Hay otros fríos, es verdad, fríos como el vuestro, que son fríos de chichinabo y de herejía luterana. Están también los fríos del desierto, los fríos costeros, los montañosos y los que vienen en forma de temporal con nombre de vieja. Pero ese frío era otra cosa, lo sentí en los huesos como un presagio y supe que ni toda la ropa del mundo sería capaz de aislarme de una sensación de desdicha tan íntima y tan absoluta. De alguna manera, el frío me poseyó como si llegara por primera vez. Luego, en el bar, entré en calor por fuera, pero no por dentro. Aquel frío reversible no tenía nada de amable, de bucólico ni de romántico; era un frío homicida y silencioso, un frío de niño enfermo que llegó a mi vida sin dar señales y con la seguridad de que esta vez no habría consuelo. Era un frío diferente, un frío que no avisaba, algo que nunca había sentido y que, al contrario que otras veces, no venía a mí: brotaba de mí.
Las décimas de fiebre se convirtieron en 39 grados. Y el delirio, en columna
Durante un momento me sentí perdido, miserable y cumpliendo una especie de designio divino, trascendental y ajeno. En esta ciudad no hay refugios de madera para el alma, Nickie, ni tampoco esas camareras con pecas que os sirven chocolate caliente ni luces horteras como las de Vigo. Y el frío no venía acompañado de chimeneas lentas, ni de beagles con orejas largas como en los refugios de los Cotwolds. No servían para nada las mantas de Ezcaray, con sus colores pastel coherentes y femeninos, ni las bufandas ocres ni el borreguillo de los disfraces de pastorcillo. El frío que sentí era un frío negro que bajaba de un cielo blanco, de un cielo resplandeciente al que no se podía mirar, porque te cegaba. Y sin más detalles, un par de horas después llegué a casa. Las décimas de fiebre se convirtieron en 39 grados. Y el delirio, en columna.

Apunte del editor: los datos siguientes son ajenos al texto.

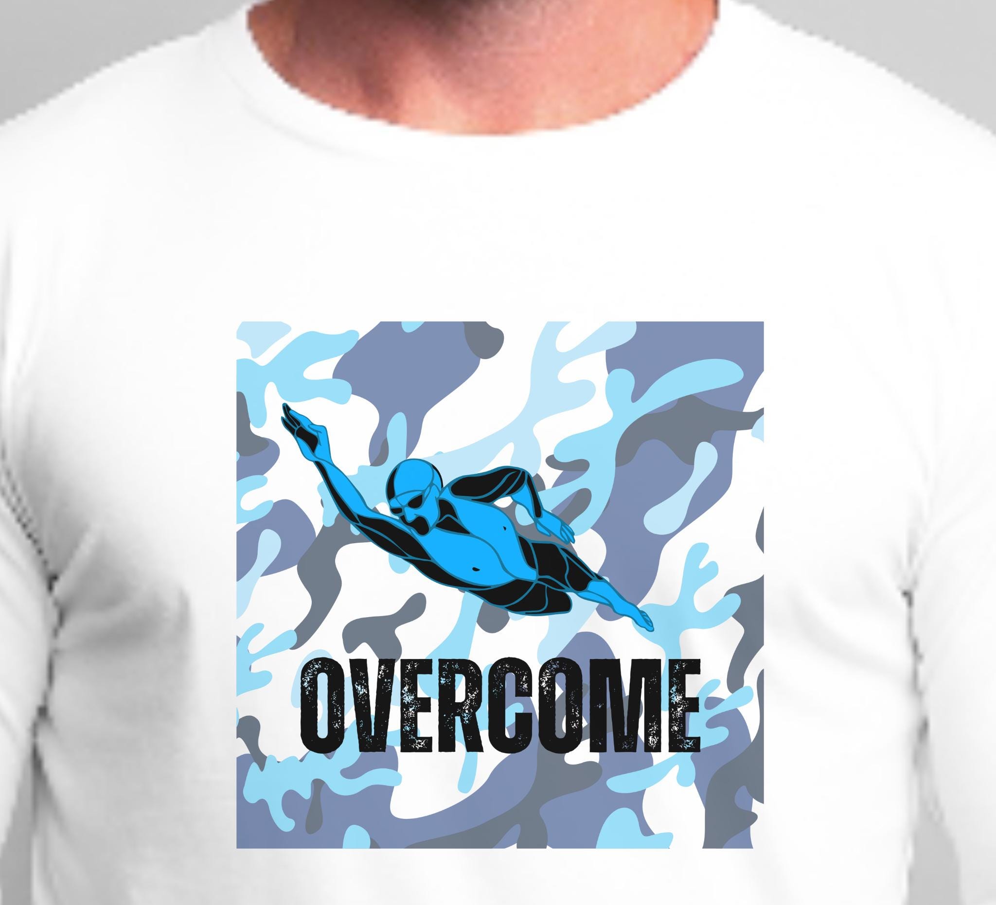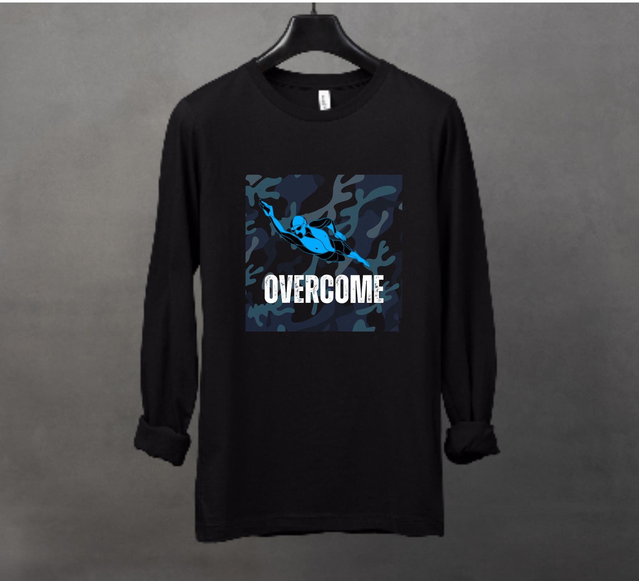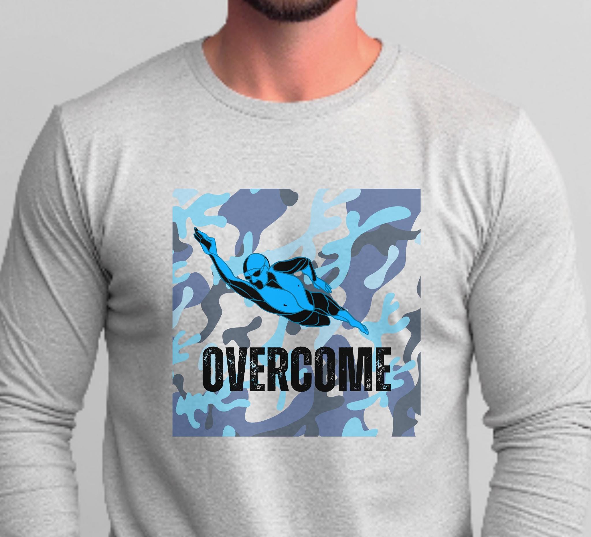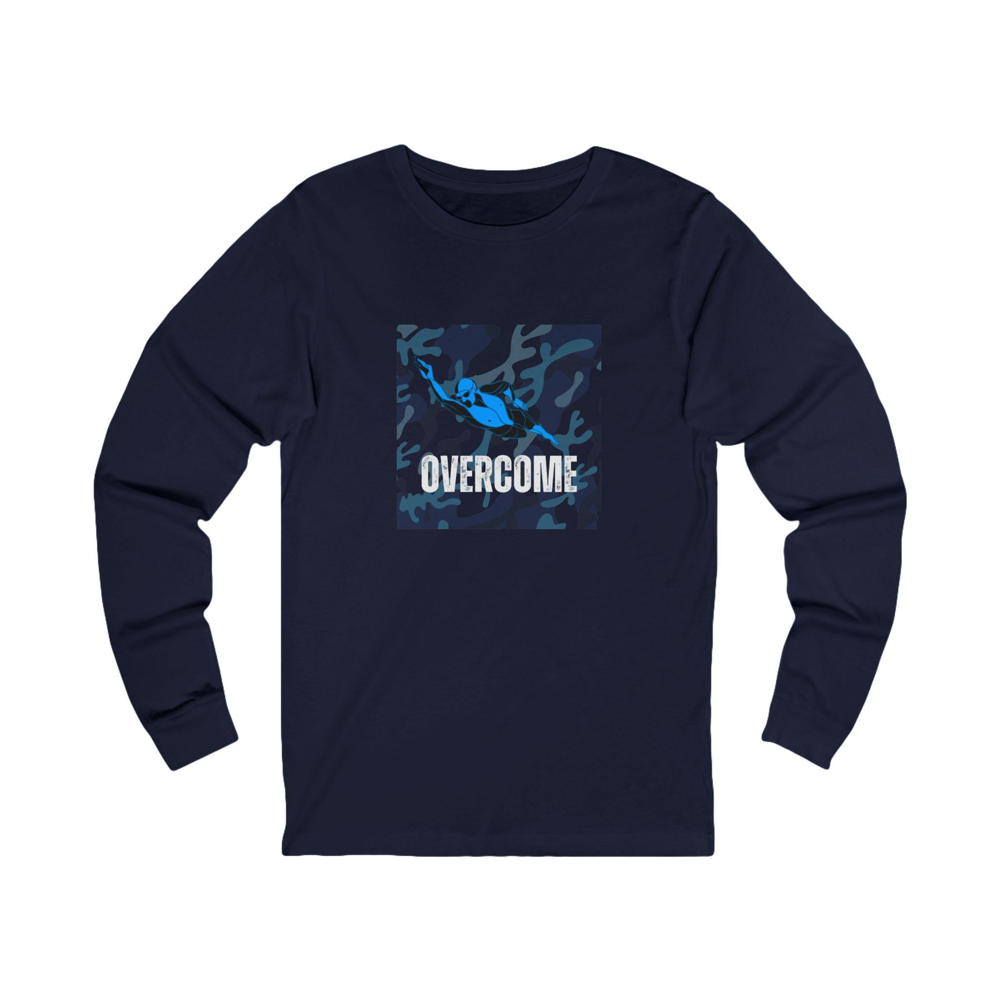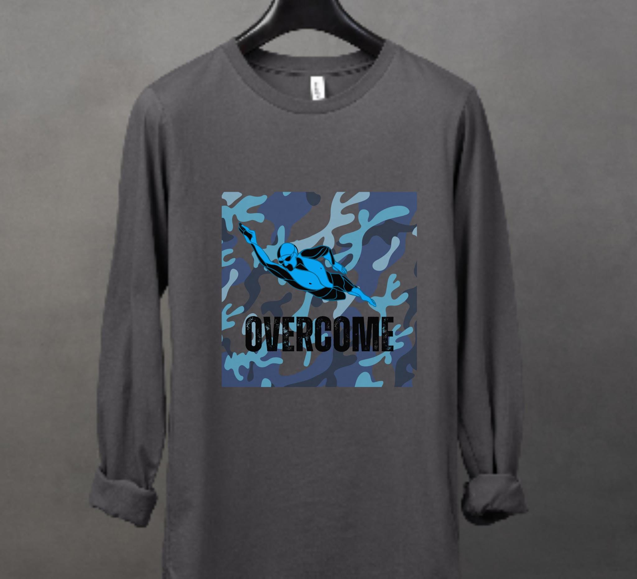 Lightweight, long-sleeve tee with a calm, resilient energy. A soft Airlume cotton body carries a cool-tone camo square on the chest, where a leaping blue whale and the word “OVERCOME” sit like a quiet reminder. It feels like a second skin—breathable, movable, and built to keep its shape through wear and wash. Wear it on chilly mornings, layered under a jacket, or solo on breezy evenings to anchor your day with a steady, hopeful note.

Estos días todo río es un río Tártaro. Este es el lugar más bajo del universo, mucho más que el inframundo. La niebla no me permite ver ni sentir con nitidez. Pero tampoco me deja oír, Nickie, este frío lo llena todo de exclusión, como esas cámaras de aislamiento que te enfrentan al sonido de tu propia sangre. Y la vida se ha puesto en pausa hasta después de Reyes.
Miro por la ventana mi barrio y veo el humo de las calefacciones mezclándose con la niebla en un amarillo sulfuroso que rebota contra las paredes tristes. A esta hora no hay nadie por la calle. Cuando cae la noche el suelo está mojado, como legando una capa de barniz líquido y aceitoso. Cuando lleva un rato sin pasar nadie, se comienza a congelar y forma una capa de humedad extensa, pero sin profundidad, como el talento del columnista. Los campanarios están cada vez más altos, hay sitio para aparcar y alrededor del pino de la plaza hay perros que no ladran para no interferir en la felicidad de los niños que sueñan con ser escritores ni en los de los escritores enfermos de infancia.
Son semanas duras en una tierra dura. Los solitarios están aún más solos en este lugar y de nada sirven las mantas ni las estufas. La belleza no comparece, la primavera es un mito que no llega, los pueblos se duermen entre el abandono y el olvido y los animales se repliegan, como no queriendo aceptar la verdad que se les viene encima. En la propia noche resplandece el cielo, Nickie, como si fuera a nevar. Y la mañana se abre avergonzada, pidiendo a la vez perdón y permiso. Se echa de menos la compañía y la alegría. A todo esto, lo solemos llamar hogar: un lugar difícil, duro y sin demasiada esperanza. No lo cambiaríamos por ningún otro.